Cleveland Progressive field photo

Home to the hottest team in baseball. Photo by Ken Lund

No team was hotter in June than the Cleveland Indians, who went an MLB-best 22-6 and ended the month on an active 13-game win streak – although the Orioles challenged with a 19-9 record, driven by 56 home runs (a new June MLB team record). The Giants posted the NL’s top record for the month at 17-10.  BBRT Note: The Rangers also had a big month, 20-8, the only team other than Cleveland to reach 20 victories.

On the opposite end of the scorecard were the Angels, Pirates and Phillies, who suffered June swoons. The Angels’ 8-19 was the worst June mark in MLB, while the Pirates and Phillies each posted NL-worst 9-19 records. The biggest stumble probably belongs to the Red Sox, who went 10-16 – dropping from the top of the AL East (with a three-game lead) to second-place (five games behind the Orioles).
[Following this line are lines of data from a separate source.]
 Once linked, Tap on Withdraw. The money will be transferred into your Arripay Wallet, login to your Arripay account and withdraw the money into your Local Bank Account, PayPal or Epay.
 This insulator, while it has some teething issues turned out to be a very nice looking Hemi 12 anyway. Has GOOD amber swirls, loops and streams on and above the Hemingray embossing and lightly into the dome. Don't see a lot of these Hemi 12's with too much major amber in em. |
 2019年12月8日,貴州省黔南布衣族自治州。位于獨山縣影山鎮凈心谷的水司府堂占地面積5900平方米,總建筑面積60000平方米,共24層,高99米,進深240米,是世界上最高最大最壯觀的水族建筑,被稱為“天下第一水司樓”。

If the season ended June 30, your playoff teams would be:

AL Division Leaders: Orioles, Indians, Rangers.  Wild Cards: Red Sox, Royals.

NL Division Leaders: Nationals, Cubs, Giants.  Wild Cards: Dodgers Mets.
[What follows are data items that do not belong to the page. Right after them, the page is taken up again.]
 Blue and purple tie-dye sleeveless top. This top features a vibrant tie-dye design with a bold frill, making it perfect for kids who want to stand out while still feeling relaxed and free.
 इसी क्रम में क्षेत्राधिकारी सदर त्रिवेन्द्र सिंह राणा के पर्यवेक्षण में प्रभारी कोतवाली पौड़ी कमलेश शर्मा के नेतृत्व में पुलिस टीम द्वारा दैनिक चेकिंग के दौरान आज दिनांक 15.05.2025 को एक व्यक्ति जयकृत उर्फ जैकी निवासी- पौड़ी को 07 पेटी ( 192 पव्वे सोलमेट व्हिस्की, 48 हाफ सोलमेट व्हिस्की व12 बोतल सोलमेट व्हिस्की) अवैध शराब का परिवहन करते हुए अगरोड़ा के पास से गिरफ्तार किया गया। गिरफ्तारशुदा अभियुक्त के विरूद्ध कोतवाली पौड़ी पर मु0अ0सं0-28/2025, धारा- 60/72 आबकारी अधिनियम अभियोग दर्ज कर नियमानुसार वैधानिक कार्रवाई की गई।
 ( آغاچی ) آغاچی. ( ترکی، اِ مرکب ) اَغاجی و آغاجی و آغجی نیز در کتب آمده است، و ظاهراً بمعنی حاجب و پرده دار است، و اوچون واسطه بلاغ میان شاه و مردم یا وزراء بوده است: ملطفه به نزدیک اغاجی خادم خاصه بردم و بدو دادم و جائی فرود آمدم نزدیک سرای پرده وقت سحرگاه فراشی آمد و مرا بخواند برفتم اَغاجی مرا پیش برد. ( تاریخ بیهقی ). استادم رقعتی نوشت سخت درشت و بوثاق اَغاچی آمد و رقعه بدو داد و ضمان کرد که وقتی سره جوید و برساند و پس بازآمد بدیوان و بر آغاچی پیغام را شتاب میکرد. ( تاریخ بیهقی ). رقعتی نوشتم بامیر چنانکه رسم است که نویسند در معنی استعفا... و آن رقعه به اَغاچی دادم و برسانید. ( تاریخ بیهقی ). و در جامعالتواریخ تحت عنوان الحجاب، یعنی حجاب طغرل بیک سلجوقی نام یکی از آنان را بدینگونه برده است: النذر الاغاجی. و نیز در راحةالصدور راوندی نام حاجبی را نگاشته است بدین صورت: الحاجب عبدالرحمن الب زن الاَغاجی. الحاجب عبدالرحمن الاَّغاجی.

The full standings – with June won-lost records included – can be found at the end of this post.


 NL Player of the Month:  Wil Myers, 1B, Padres.

The 25-year-old Myers hit .327, with 11 home runs, 33 RBI and 25 runs scored for the Padres in June – and tossed in five steals in six attempts. Clearly, 2016 marks a comeback season for the 2013 AL Rookie of the Year (Rays), whose past two seasons have been hampered by wrist injuries. (In 2014-2015, Myers played in a total of 147 games, hitting .235 with 14 home runs.)
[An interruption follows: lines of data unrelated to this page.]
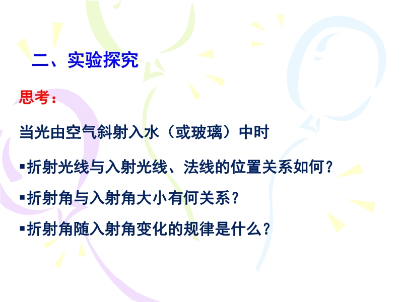 - 574第十三届全国中学物理青年教师大赛初中组一等奖课例12:4.4《光的折射》(内蒙古 佟棱)
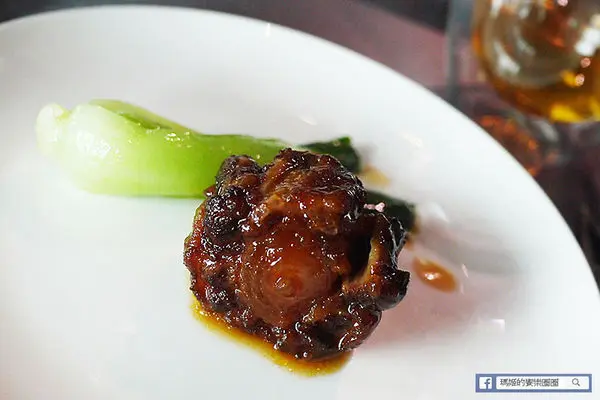 張學良紅燒黑豬肉以翠綠的青江菜,團團圍住燒得通透的五花豬肉,看起來就Q彈可口,就連我不太敢吃五花肉都想嚐嚐看是何種滋味。
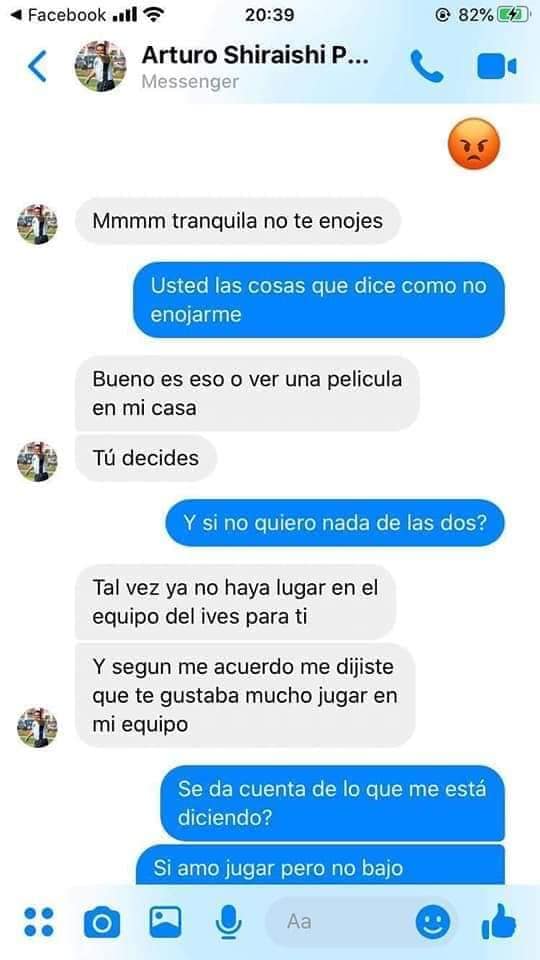 La chica, de 17 años de edad, difundió la conversación de Facebook a través de que, el coach Arturo Shiraishi Ponce le pide que se tome fotografías sin ropa solo para él.

NL Pitcher of the Month – LHP Jorge De La Rosa, Rockies

Rockies’ veteran southpaw Jorge De La Rosa (35-years-old in his 13th MLB season) came into June with a 1-4 record and a 10.52 earned run average – and then turned things around big time.  In five appearances, three starts, De La Rosa went 4-0, with a 1.96 ERA – and four of those outings were in hitter-friendly Colorado.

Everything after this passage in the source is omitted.